Polnareff Enfin !

✏️ Yannick VERNINI 1 octobre 2018
Polnareff Enfin !

L’Amiral est enfin de retour avec un nouvel album… Le bien-nommé « Enfin » ! Ses moussaillons sont aux anges.

Vingt-huit ans… C’est le temps qu’il aura fallu aux fans pour avoir entre les mains un nouvel album de l’inoxydable Michel Polnareff. L’artiste de tous les superlatifs, et qui le prouve une nouvelle fois avec cet opus, le bien-nommé « Enfin ! » qui était attendu… pour fin 2015, début 2016. Un single, « L’Homme en Rouge », déboulait et faisait trépigner les moussaillons d’un Amiral qui partait alors sur les routes avec une tournée des Zénith. « Pour le nouvel album, il y a déjà des chansons qui sont terminées, d’autres qui sont à fignoler. Mais pour être tout à fait franc, je ne m’en occupe pas actuellement, je suis complètement focus sur la tournée ! », déclarait Michel Polnareff, qui reprenait alors tous ses grands tubes sur les scènes de l’Hexagone. Ce qui n’était pas pour déplaire à son public, revivant là le fil de sa vie. Mais rien de nouveau à l’horizon.

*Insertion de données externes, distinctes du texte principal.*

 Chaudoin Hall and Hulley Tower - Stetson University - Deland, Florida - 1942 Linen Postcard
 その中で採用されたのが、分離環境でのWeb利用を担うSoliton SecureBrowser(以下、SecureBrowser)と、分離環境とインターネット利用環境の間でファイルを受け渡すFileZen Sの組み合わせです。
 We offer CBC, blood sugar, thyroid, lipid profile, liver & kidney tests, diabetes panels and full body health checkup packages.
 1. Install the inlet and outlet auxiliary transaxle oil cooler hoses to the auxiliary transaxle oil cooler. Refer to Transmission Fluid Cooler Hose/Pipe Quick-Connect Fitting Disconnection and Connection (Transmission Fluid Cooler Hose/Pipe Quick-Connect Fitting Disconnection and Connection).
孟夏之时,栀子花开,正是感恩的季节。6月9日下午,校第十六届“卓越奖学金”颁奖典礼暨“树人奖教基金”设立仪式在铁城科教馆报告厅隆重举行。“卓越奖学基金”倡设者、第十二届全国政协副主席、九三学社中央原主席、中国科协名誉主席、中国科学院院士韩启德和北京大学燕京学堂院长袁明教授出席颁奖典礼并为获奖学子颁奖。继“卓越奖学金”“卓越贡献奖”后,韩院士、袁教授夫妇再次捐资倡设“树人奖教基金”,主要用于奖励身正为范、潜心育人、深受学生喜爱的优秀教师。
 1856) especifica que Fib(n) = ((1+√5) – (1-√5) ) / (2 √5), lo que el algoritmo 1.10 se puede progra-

Pas assez pour en vouloir à celui qui s’est exilé en Californie… Là où a pris forme « Enfin ! », sorti fin novembre avec son simple cadenas déverrouillé en guise de pochette. « Polna » peut tout se permettre. Et le prouve avec, en ouverture, l’épique et galactique « Phantom ». Un instru de plus de dix minutes ouvrant la voie à « Sumi », sa geisha préférée, aux sonorités résolument rock, avant que la ballade « Grandis Pas », dédiée à son fils Louka, interprétée en piano-voix, ne revienne à ces bases qui font la griffe de Michel Polnareff… Un fils facétieux donnant le tempo sur le lunaire « Louka’s Song » aux sonorités disco. Là aussi, un instrumental savamment désordonné sur lequel l’Amiral laisse carte blanche à sa descendance ! Le moment pour « Ophélie flagrant des Lits » de débouler. Le morceau, composé en 2006, se rappelle au bon souvenir de fans qui n’y croyaient plus !

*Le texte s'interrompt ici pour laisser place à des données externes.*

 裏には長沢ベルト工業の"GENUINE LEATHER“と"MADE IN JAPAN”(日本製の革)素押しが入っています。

Les moussaillons remontent à bord du vaisseau. « Longtime » rassure, et le jazzy « Positions », durant plus de sept minutes, fait virevolter les cuivres et autres contrebasses. « Terre Happy », envoyé avec une voix tutoyant les crêtes, fait du bien et « L’Homme en Rouge » trouve enfin sa place ! « Dans ta playlist » se pose en cocktail mystique avant qu’« Agua Caliente » ne ferme ce chapitre comme il a été ouvert… Sur un instru fleuve, montant crescendo.

Génial, déroutant, rassurant, ébouriffant, dérangeant, hypnotique… « Enfin ! » est définitivement à l’image de Michel Polnareff. Vingt-huit ans après « Kâmâ Sutrâ », l’Amiral reste inclassable.